When conduct or action has a communicative content to it, governmental regulation or prohibition implicates the First Amendment, but this does not mean that such conduct or action is necessarily immune from governmental restriction. In cases involving symbolic speech, particularly a congressional prohibition on draft-card burnings, the Court has stated the generally applicable rule: "[A] Government regulation is sufficiently justified if it is within the constitutional power of Government; if it furthers an important or substantial governmental interest; if the governmental interest is unrelated to the suppression of free expression; and if the incidental restriction on alleged First Amendment freedom is no greater than is essential to the furtherance of that government interest."
The Court has suggested that this standard is virtually identical to that applied to time, place, or manner restrictions on expression.
History shows that concerns about the fragility of the First Amendment during times of crisis are well founded. The adage "History repeats itself" appears to be true in the aftermath of September 11. For example, the traditional separation between church and state has been disregarded in some public schools where administrators have posted religious messages and led students in prayer. The First Amendment right of free association has been rigorously compromised, particularly for those connected with Muslim organizations that the government believes support anti-American causes.

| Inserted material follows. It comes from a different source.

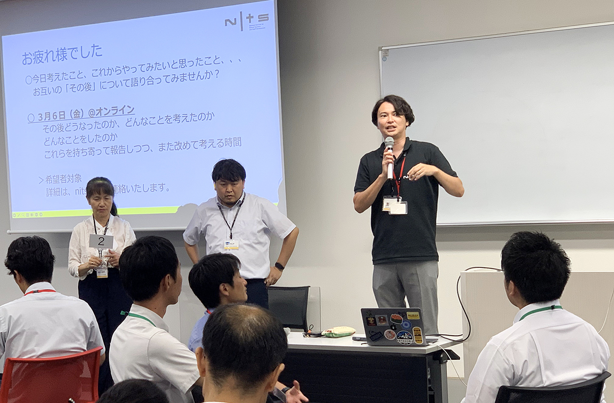今、楽しく夢中で働いているので「夢中」です。研修に対して、こだわってもいいかなと思うようになって、どうこだわるかを夢中で考えるようになりました。NITSの研究職の職員と話す中で、「探究型研修をどう発展させていくべきか」を問うことができたりもしました。自分たちのような人事交流の職員は2~3年で所属元に戻ってしまうので、戻った後にその思いを引き継いで、改善し続けていくことが大事だと思っています。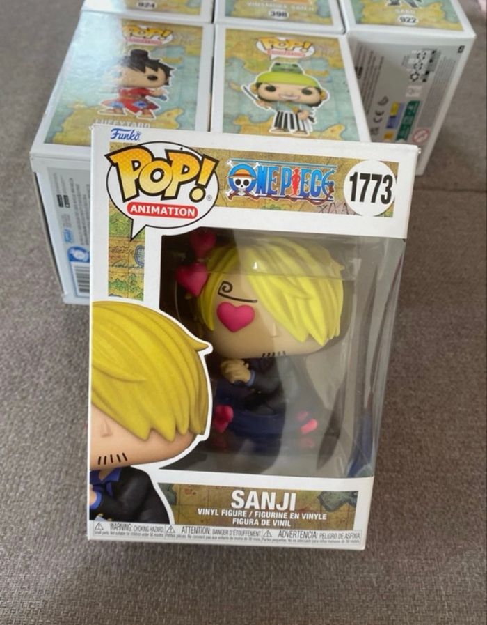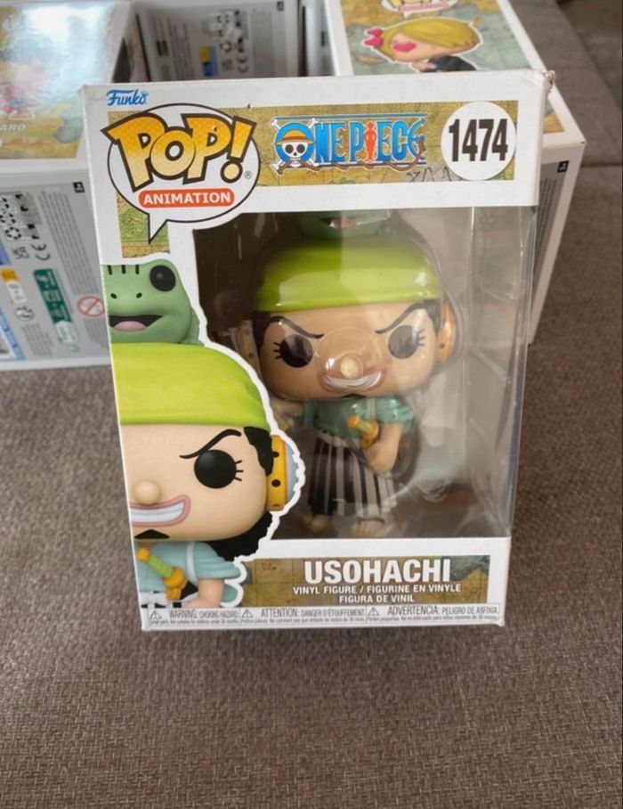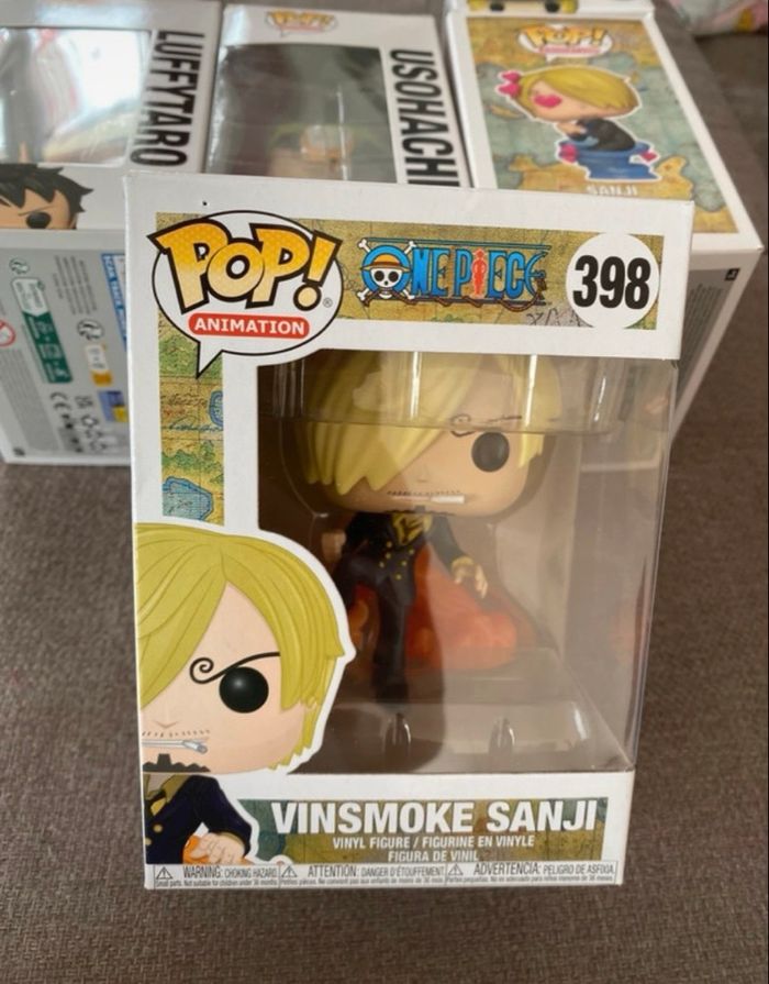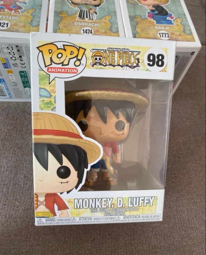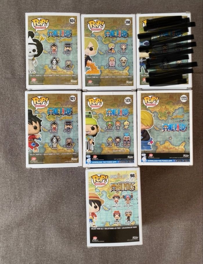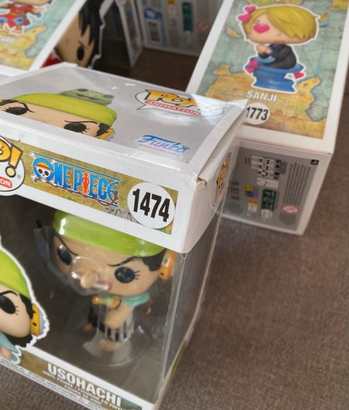 Lot de six POP One Piece : - Bonekichi 924 - Vinsmoke Sanji 398 - Sanji 1773 - Monkey D.Luffy 98 - Usohachi 1474 (haut de la boîte légèrement abîmée) - Luffytaro 921 Figurines en vinyle Neuves, jamais sorties de leurs boîtes Vous achetez ce que vous voyez sur les photos

Experts have warned that anonymous speech on the Internet, once a staple of the democratic medium, could become limited or disappear. The Internet has already been blamed for contributing to other tragedies, such as the Columbine High School shooting in Littleton, Colorado, and the Oklahoma City bombing. Terrorists do communicate using anonymous online speech, as do millions of innocent Americans.
Experts disagree on what effect the war on terrorism will have on First Amendment freedoms. Some constitutional experts contend that the most egregious affronts to the Constitution have occurred in the Fourth Amendment context. However, many believe that freedom of speech will be abridged. There are legitimate reasons to be concerned about the vitality of the First Amendment as the nation advances in the twenty-first century. Government policymakers sometimes lose sight of the Five Freedoms in their effort to find solutions to problems such as terrorism and the exposure of children to pornography.
At the same time, there is a tendency in public opinion to support or even advocate for such policies. One can take some consolation, however, in the fact that the federal courts—up to and including the Supreme Court—continue to demonstrate great respect for the Five Freedoms. Most unconstitutional legislative attempts against the First Amendment are overturned.